# Pyrantel Pamoate Kills Planaria?



## Gordonrichards (Apr 28, 2009)

Hi, picked up some Pyrantel Pamoate from the store, 2 tablets are in the package. Will this kill the planaria in my shrimp tanks without killing my shrimps?

I realize that I would only be adding a small amount every week or so till I see no more.

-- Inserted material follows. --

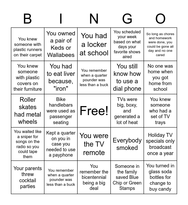 This bingo card has a free space and 24 words: Kept a quarter on you in case you needed to use a payphone, You remember when a quarter pounder was less than a buck, You remember when a quarter pounder was less than a buck, Your parents threw cocktail parties, So long as chores and homework were done, you could be gone all day and no one cared, You knew someone with plastic runners on their carpet, You knew someone with plastic covers on their furniture, You owned a pair of Keds or Wallabees, TVs were big, boxy, and generated a lot of heat, You were the TV remote, You still know how to use a dial phone, Roller skates had metal wheels, Everybody smoked, Holiday TV specials only broadcast once a year, You had to eat liver because, "iron", Someone in the family saved Blue Chip or Green Stamps, You knew someone who had a set of TV trays, You had a locker at school, No one was home when you got home from school, Bike handlebars were used as passenger seating, You turned in glass soda bottles for change to buy candy, You waited like a sniper for songs on the radio so you could tape them, You scheduled your week based on what days your favorite shows aired and You remember the bicentennial being a big deal.
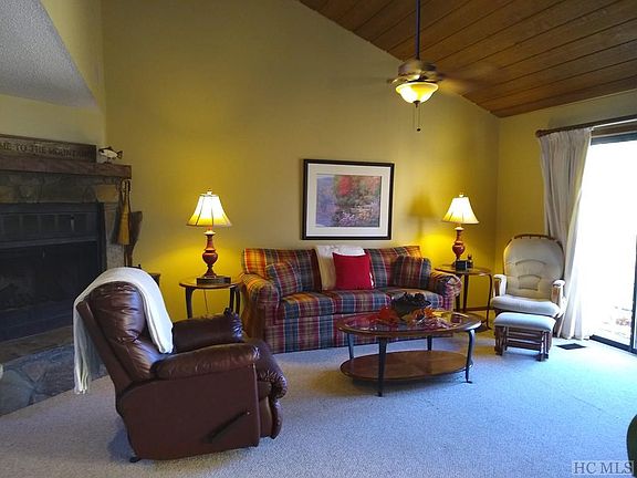 Conveniently located condo within walking distance to Fairfield Lake and just a few minutes' drive to Sapphire Valley amenities and Cashiers. Looking for a 'lock and leave' or rental income? Good rental history. Stainless appliances, granite counters and tile backsplash in kitchen, all tile baths, nice deck with mountain view for alfresco dining. Inside there is a wood-burning fireplace for the cooler evenings. Master downstairs with walk-in closet and locking storage room. Large master bath with jetted tub and a shower. Guest bedroom with adjoining full bath on main level. Nice neutral colors throughout. Rare near level entry condo with just four steps up to front door. Private cul de sac location.

Is this correct, or should I be using a different type of worm killer.

This is a Hartz product.


----------



## Seattle_Aquarist (Mar 7, 2008)

Hi Gordonrichards,

This is what worked for me when I had planaria in my shrimp tank.
http://www.aquaticplantcentral.com/forumapc/library/52784-planaria-hydra-elimination-shrimp-tanks.html


----------



## DrEd (May 5, 2009)

You don't need to kill all those worms (or you can't kill all of them). Just reduce the amount of food and they'll eventually disappear (or difficult to find). Good luck.


----------



## Gordonrichards (Apr 28, 2009)

Thanks Seattle, I picked up some fenbendazole. Going to use it in one of my tanks, if successful I'll put it in my others!


----------



## dodohead (Dec 2, 2009)

how did the worm meds work on the planaria? i have some in my tank, i know theyre not bad, but theyre so ugly. im a little worried to use meds in my blue tiger shrimp tank =T


----------



## CRS Fan (Nov 25, 2008)

Panacur (Fenbendazole) works well especially in the liquid suspension form. The powdered type is extremely difficult to dissolve in solution and is messy. I dosed 1.5 ml per 15 gallons.The suspension usually is crystal clear after a 6 - 8 hour period. I dosed 48 hours apart in a 15 gallon high tech planted Blue pearl tank with no casualties.

Please note: Apple, Nerite, and Tylo snails will be killed by this treatment. Ramshorn, Pond, and Trumpet snails are not affected.

Another good product is No Planaria. It is a palm extract in a powdered form and will not affect any snail types.

Good Luck,

Stuart


----------